Hmm, that’s not a very Politically Correct name for a page, now is it?
My favorite new bug that I found (or rather, had pointed out to me) at DevCon has to do with “dummy pages”. Landy Wang, the guy who seems to own the memory manager these days, pulled together a group of people after his most excellent talk about the future directions of MM. I wish I could give out details, but they’re most certainly NDA material. For me, it was easily the best presentation of the event. Anyway, after the presentation, Landy described a very interesting bug that has just been discovered at Microsoft concerning these dummy pages, and he gave me explicit permission to talk about it. As if I’d refuse. 🙂
A little background: when MM wants to bring in a page off of disk due to a page fault, it issues an I/O request and brings it in. No big deal there. But if you have a row of four pages like this (x = paged out, v = valid):
MM will try to bring in both missing pages at once, because it is more efficient to issue one big I/O request than lots of little ones. Still not complicated. The fun happens when you have this:
If the first missing page takes a fault, MM would like to bring in the third one with it. BUT – if the middle page is dirty, it cannot be paged in from disk without destroying data. The solution MM uses to avoid the performance hit is to substitute the valid (dirty) page in the middle with a dummy page. The dummy page is a sacrificial page of memory whose only purpose is to receive data from a large MM inpage request. It is then returned back to the bit bucket, and the net result is that pages 1 and 3 are updated, while page 2 remains untouched. Neat trick, eh?

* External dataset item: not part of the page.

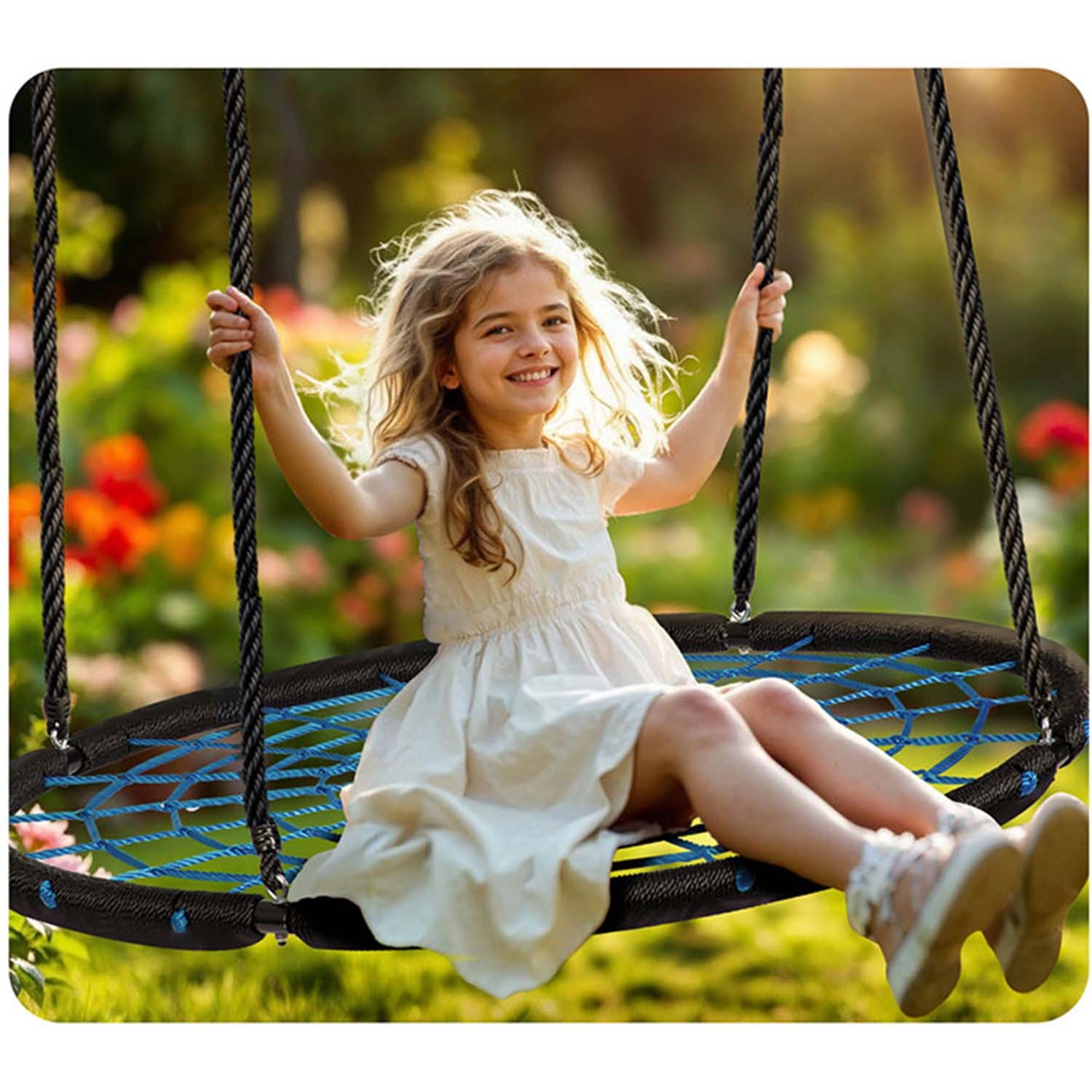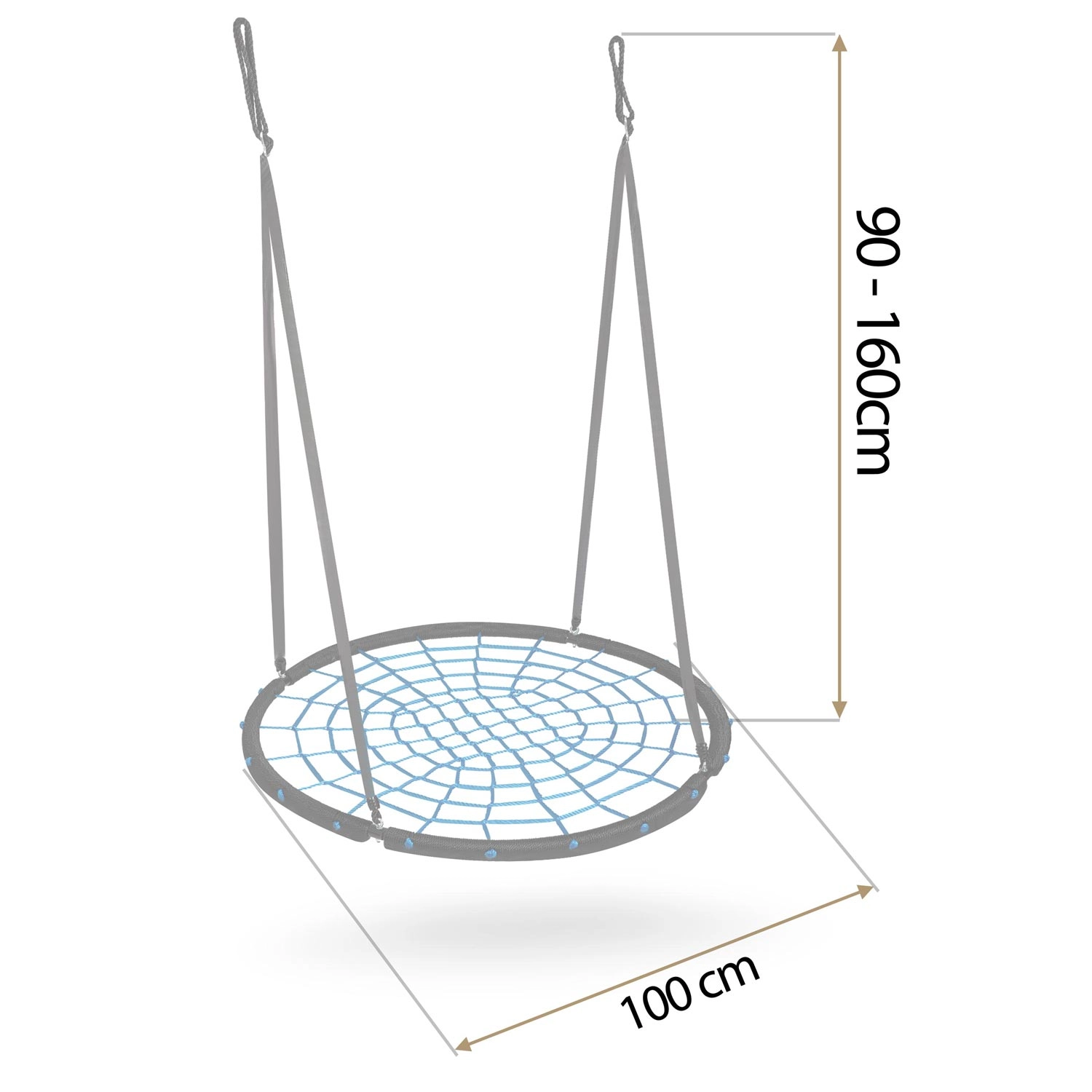 Profitez d’innombrables heures de jeu en plein air avec la balançoire nid ronde de 100 cm de diamètre signée NEO-SPORT. Elle offre une structure en acier robuste gainée de PE, des cordes durables stabilisées UV et un tressage facile à nettoyer de type « toile d’araignée ». Grâce à sa hauteur de suspension réglable et à sa capacité de charge jusqu’à 150 kg, elle est idéale pour les enfants comme pour les adultes.

There is a big problem here for drivers that are in the paging path: their dummy page data could become invalid at any point, changed out from under them by another read (or ostensibly something else entirely). This means that if drivers have to depend on a consistent copy of the data (crypto drivers, compression drivers, etc.), they must double-buffer the read.
The fun part about this bug is that it has apparently been in the code since Windows XP, five-ish years ago. Microsoft seems to have just discovered this problem in the last two months, though, because Longhorn has changed an aspect of how dummy pages are used. In Longhorn, there is a very high probability that your dummy page will get scribbled on while you think you have control of it.
The moral of the story is that you have to treat read data in a similar way to write data – it can change out from under you at any time, so if you need a consistent view of the bits, you had better make a copy. Incidentally, this whole dummy page mechanism works on the write path as well, but that doesn’t matter as much since most people expect this sort of weirdness on the write path. Or if not, they should. 🙂
So: go out and fix your drivers, and now. They are probably crashing on most current Microsoft OSes, and they will almost certainly crash in Longhorn.